Lack of team support in post-PhD Mathematics career

  1. This model is extremely common in Europe (for example, one of my coauthors in Germany is in a group with her and another senior professor, two junior mathematicians on essentially very long term second postdocs, and about 7 or 8 young postdocs and 7 or 8 graduate students), but there is no institutional framework for it in the US. I know of pairs of tenure-line faculty at the same institution who are close enough to essentially run a joint research group, but outside of a few departments, they are unlikely to have more than one postdoc at a time, so "research group" mostly means them and their graduate students.

  2. Not really. Essentially postdoctoral positions are the only mechanism that exists in the US system for paying people who are not already performing at a pretty high level to do research. You could still apply to these, though as I think you've already guessed, the odds aren't great this long post-Ph.D. I think the other possibility would be obtaining a long term, non-tenure-track lectureship at a research university (for example, my department hired someone to such a job this year) where there are senior faculty who might work with you. There would still be high teaching expectations (though maybe not worse than a TT community college position), and any research involvement would be "on your own time," but presumably that's largely the case now.
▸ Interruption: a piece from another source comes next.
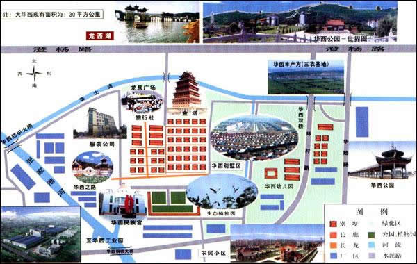 村頭粉墻照壁,后為廣場。廣場上數(shù)十旗桿,飄揚(yáng)著各種圖案的彩旗,這是華西實業(yè)公司所屬工業(yè)的標(biāo)志,顯示出它的經(jīng)濟(jì)實力,產(chǎn)值數(shù)十億,產(chǎn)品遠(yuǎn)銷國外。
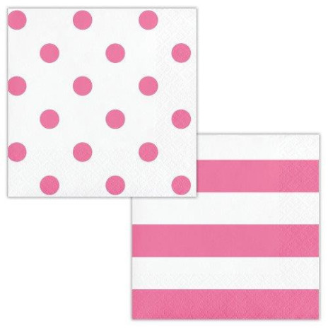 Pack de 16 guardanapos pequenos em papel com folha dupla em cor de rosa com bolinhas e riscas.

  3. I suppose this depends on how you define "career as a research mathematician." The answer is obviously not "absolutely no," look at Yitang Zhang. Of course, that's a very extreme example (Zhang didn't even have a teaching position in mathematics for several years), but I think it does show that if you do something undeniably great, at whatever age, the community is open to it. On the other hand, this is like asking "If I can't get on a Division I college team, does that mean my career as a basketball player is over?" Obviously, no one can stop you from playing basketball, but if you mean doing so professionally, the odds are slim. If you're really that good, then maybe an NBA team will notice and hire you. But you're not going to be in the place that they look for potential new players, and you'll be missing out on how most people develop their skills. So it's a tough row to hoe.

I think in terms of what's realistic: if what you're missing is being around other people doing mathematics, getting ideas, etc. and you're not worried about security then I would look into finding a permanent (or at least renewable) but non-tenure-track teaching position at a larger research department. It will certainly have some downsides, but I think it's the closest feasible approximation to what you're looking for.